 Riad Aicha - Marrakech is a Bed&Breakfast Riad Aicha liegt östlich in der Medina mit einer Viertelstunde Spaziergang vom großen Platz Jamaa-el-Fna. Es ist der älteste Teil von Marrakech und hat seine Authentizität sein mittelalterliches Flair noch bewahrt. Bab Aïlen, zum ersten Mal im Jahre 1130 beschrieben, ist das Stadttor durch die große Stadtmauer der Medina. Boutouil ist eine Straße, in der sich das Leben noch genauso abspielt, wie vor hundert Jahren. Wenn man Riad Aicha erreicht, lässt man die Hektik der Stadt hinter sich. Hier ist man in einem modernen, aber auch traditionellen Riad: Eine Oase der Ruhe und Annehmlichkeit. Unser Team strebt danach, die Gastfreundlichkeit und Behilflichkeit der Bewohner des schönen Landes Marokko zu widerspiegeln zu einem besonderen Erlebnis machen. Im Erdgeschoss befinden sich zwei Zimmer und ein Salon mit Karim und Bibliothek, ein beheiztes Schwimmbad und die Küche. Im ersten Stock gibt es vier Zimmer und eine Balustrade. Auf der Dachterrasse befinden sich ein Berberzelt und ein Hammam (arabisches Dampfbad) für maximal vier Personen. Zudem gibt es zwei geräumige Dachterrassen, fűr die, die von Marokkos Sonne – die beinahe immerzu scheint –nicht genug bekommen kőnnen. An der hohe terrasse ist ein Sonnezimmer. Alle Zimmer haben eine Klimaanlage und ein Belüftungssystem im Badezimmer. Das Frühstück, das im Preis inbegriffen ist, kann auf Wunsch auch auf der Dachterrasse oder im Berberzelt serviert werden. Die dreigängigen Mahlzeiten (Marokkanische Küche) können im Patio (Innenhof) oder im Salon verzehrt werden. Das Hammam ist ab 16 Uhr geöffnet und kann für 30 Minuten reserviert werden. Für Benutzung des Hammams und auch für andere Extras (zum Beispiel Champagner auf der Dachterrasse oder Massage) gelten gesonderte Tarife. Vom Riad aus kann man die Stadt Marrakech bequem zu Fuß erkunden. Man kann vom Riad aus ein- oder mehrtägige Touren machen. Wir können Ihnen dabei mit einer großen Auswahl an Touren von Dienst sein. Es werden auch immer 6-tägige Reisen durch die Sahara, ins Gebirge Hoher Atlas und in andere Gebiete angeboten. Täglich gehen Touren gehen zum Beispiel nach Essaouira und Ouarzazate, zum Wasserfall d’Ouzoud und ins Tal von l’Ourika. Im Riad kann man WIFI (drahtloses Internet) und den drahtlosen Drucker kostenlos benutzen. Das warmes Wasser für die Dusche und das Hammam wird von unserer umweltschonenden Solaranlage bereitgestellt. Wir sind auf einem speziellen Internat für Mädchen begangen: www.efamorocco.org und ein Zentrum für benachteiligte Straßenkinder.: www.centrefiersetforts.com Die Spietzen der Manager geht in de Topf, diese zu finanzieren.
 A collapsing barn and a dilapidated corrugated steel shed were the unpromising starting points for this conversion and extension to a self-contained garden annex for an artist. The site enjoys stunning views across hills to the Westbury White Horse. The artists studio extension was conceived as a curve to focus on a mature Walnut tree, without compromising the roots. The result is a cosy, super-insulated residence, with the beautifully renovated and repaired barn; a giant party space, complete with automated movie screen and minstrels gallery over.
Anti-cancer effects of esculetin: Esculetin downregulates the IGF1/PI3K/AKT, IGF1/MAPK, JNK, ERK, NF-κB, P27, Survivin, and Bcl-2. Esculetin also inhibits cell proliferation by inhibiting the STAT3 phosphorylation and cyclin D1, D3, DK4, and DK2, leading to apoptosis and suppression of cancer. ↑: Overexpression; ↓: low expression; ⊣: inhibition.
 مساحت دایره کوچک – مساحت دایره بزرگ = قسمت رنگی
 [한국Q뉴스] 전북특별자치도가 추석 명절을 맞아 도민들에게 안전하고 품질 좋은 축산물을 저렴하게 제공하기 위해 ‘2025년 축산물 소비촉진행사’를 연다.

────────

* [Exercise details] Print out the whole of the material exactly, line for line.

* [Answer to the problem]
 Riad Aicha - Marrakech is a Bed&Breakfast Riad Aicha liegt östlich in der Medina mit einer Viertelstunde Spaziergang vom großen Platz Jamaa-el-Fna. Es ist der älteste Teil von Marrakech und hat seine Authentizität sein mittelalterliches Flair noch bewahrt. Bab Aïlen, zum ersten Mal im Jahre 1130 beschrieben, ist das Stadttor durch die große Stadtmauer der Medina. Boutouil ist eine Straße, in der sich das Leben noch genauso abspielt, wie vor hundert Jahren. Wenn man Riad Aicha erreicht, lässt man die Hektik der Stadt hinter sich. Hier ist man in einem modernen, aber auch traditionellen Riad: Eine Oase der Ruhe und Annehmlichkeit. Unser Team strebt danach, die Gastfreundlichkeit und Behilflichkeit der Bewohner des schönen Landes Marokko zu widerspiegeln zu einem besonderen Erlebnis machen. Im Erdgeschoss befinden sich zwei Zimmer und ein Salon mit Karim und Bibliothek, ein beheiztes Schwimmbad und die Küche. Im ersten Stock gibt es vier Zimmer und eine Balustrade. Auf der Dachterrasse befinden sich ein Berberzelt und ein Hammam (arabisches Dampfbad) für maximal vier Personen. Zudem gibt es zwei geräumige Dachterrassen, fűr die, die von Marokkos Sonne – die beinahe immerzu scheint –nicht genug bekommen kőnnen. An der hohe terrasse ist ein Sonnezimmer. Alle Zimmer haben eine Klimaanlage und ein Belüftungssystem im Badezimmer. Das Frühstück, das im Preis inbegriffen ist, kann auf Wunsch auch auf der Dachterrasse oder im Berberzelt serviert werden. Die dreigängigen Mahlzeiten (Marokkanische Küche) können im Patio (Innenhof) oder im Salon verzehrt werden. Das Hammam ist ab 16 Uhr geöffnet und kann für 30 Minuten reserviert werden. Für Benutzung des Hammams und auch für andere Extras (zum Beispiel Champagner auf der Dachterrasse oder Massage) gelten gesonderte Tarife. Vom Riad aus kann man die Stadt Marrakech bequem zu Fuß erkunden. Man kann vom Riad aus ein- oder mehrtägige Touren machen. Wir können Ihnen dabei mit einer großen Auswahl an Touren von Dienst sein. Es werden auch immer 6-tägige Reisen durch die Sahara, ins Gebirge Hoher Atlas und in andere Gebiete angeboten. Täglich gehen Touren gehen zum Beispiel nach Essaouira und Ouarzazate, zum Wasserfall d’Ouzoud und ins Tal von l’Ourika. Im Riad kann man WIFI (drahtloses Internet) und den drahtlosen Drucker kostenlos benutzen. Das warmes Wasser für die Dusche und das Hammam wird von unserer umweltschonenden Solaranlage bereitgestellt. Wir sind auf einem speziellen Internat für Mädchen begangen: www.efamorocco.org und ein Zentrum für benachteiligte Straßenkinder.: www.centrefiersetforts.com Die Spietzen der Manager geht in de Topf, diese zu finanzieren.
 A collapsing barn and a dilapidated corrugated steel shed were the unpromising starting points for this conversion and extension to a self-contained garden annex for an artist. The site enjoys stunning views across hills to the Westbury White Horse. The artists studio extension was conceived as a curve to focus on a mature Walnut tree, without compromising the roots. The result is a cosy, super-insulated residence, with the beautifully renovated and repaired barn; a giant party space, complete with automated movie screen and minstrels gallery over.
Anti-cancer effects of esculetin: Esculetin downregulates the IGF1/PI3K/AKT, IGF1/MAPK, JNK, ERK, NF-κB, P27, Survivin, and Bcl-2. Esculetin also inhibits cell proliferation by inhibiting the STAT3 phosphorylation and cyclin D1, D3, DK4, and DK2, leading to apoptosis and suppression of cancer. ↑: Overexpression; ↓: low expression; ⊣: inhibition.
 مساحت دایره کوچک – مساحت دایره بزرگ = قسمت رنگی
 [한국Q뉴스] 전북특별자치도가 추석 명절을 맞아 도민들에게 안전하고 품질 좋은 축산물을 저렴하게 제공하기 위해 ‘2025년 축산물 소비촉진행사’를 연다.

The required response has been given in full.